A outra área são os mercados externos que não são internacionalização. Aí o normal é começarmos, tal como todas as outras empresas portuguesas, pelo mercado da saudade. Normalmente, os portugueses na Europa e nos EUA estão muito ligados à cadeia alimentar e temos vindo a abrir três a quatro países por ano: Rússia, Polónia, Roménia, Ucrânia, Angola, entre outros.
Nós e os italianos somos os que melhores expressos fazemos no mundo e há uma transferência no consumo de café de saco para o expresso e à medida que os países como os EUA se começam a europeizar, a apreciar os bons vinhos, o bom café, faz parte da nossa estratégia explorar essa situação.
Nos países de Leste podem ser uma oportunidade porque têm um parque de máquinas completamente envelhecido e têm hábitos alimentares muito semelhantes ao dos latinos.
H: Admite crescer em 2009 cerca de 7%.
J.D.: Sim. Esse crescimento resulta de termos ganho um enorme cliente (Sogenave), em Dezembro de 2008, a um dos nossos concorrentes, representando quase 4,5% das nossas vendas.
O ano passado também com a integração da Sopratutto, em Maio, terá impacto durante 2009. O nosso accionista também comprou a Companhia das Sandes e, naturalmente, que entraremos na Companhia das Sandes.
H: Por isso, este crescimento tem como base a consolidação do negócio?
J.D.: Sim. Depois deveremos ter uns 2% de crescimento real, orgânico. Os outros 5% explicam-se por negócios concluídos o ano passado.
Outro segmento onde temos vindo a ganhar quota é nos hotéis. Até 2008, só tínhamos um hotel. Neste momento temos quase 50.
H: Todo este dinamismo, estes objectivos, este crescimento, torna a empresa mais vendável?

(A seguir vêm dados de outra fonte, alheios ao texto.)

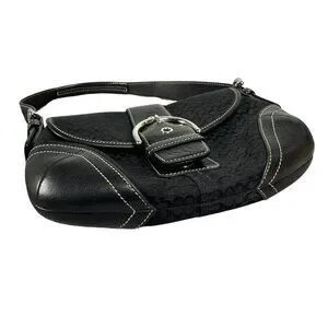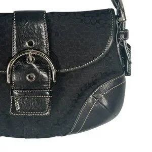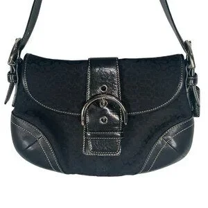 Coach 6818 SMALL Vintage Soho Black Leather and Signature C Canvas Shoulder Bag

J.D.: Claro. Penso que qualquer empresa mais energética, dinâmica, com espírito mais vencedor, torna a empresa mais vendável. Por um lado, porque os resultados aparecem, depois porque a capacidade de superar as dificuldades é maior.
H: Recentemente disse que a actual estrutura accionista não tinha pressa em vender a Nutricafés?
J.D.: A actual estrutura accionista da Nutricafés é perfeitamente clara: comprou a Nutricafés para vendê-la. Não há uma família, não há um accionista que diz que vai cá estar 20 anos, não é um fundo institucional. É um negócio. É comprar a empresa para vender a empresa.
H: Mas para ganhar dinheiro?
J.D.: Como é óbvio. O horizonte normalmente neste tipo de negócios são cinco anos. Comprou em 2006, estamos a meio.
É normal que com a melhoria significativa dos resultados da empresa que se possa, de alguma forma, antecipar essa venda.
H: Mas o trabalho que está a ser actualmente desenvolvido na Nutricafés torna esse negócio cada vez mais fácil?
J.D.: Sim. Neste momento, a conjuntura é que dificulta um pouco o processo. Em situação normal de mercado, não tenho dúvidas que a Nutricafés já tinha sido vendida.
Além disso, há a questão dos bancos. Normalmente, quando estes fundos compra determinadas empresas, utilizam capitais próprios, sendo a outra parte alavancada em dívida e neste momento regista-se uma grande retracção dos bancos em financiarem operações deste tipo.
Há duas variáveis que são de conjuntura que dificultam um possível negócio. A empresa está aqui de boa saúde, mas a envolvente está a dificultar o negócio. Mal haja uma retoma da conjuntura ao nível dos bancos quer ao nível de se perceber que a recessão económica está a dar a volta, sobressairá ainda mais a possibilidade de venda.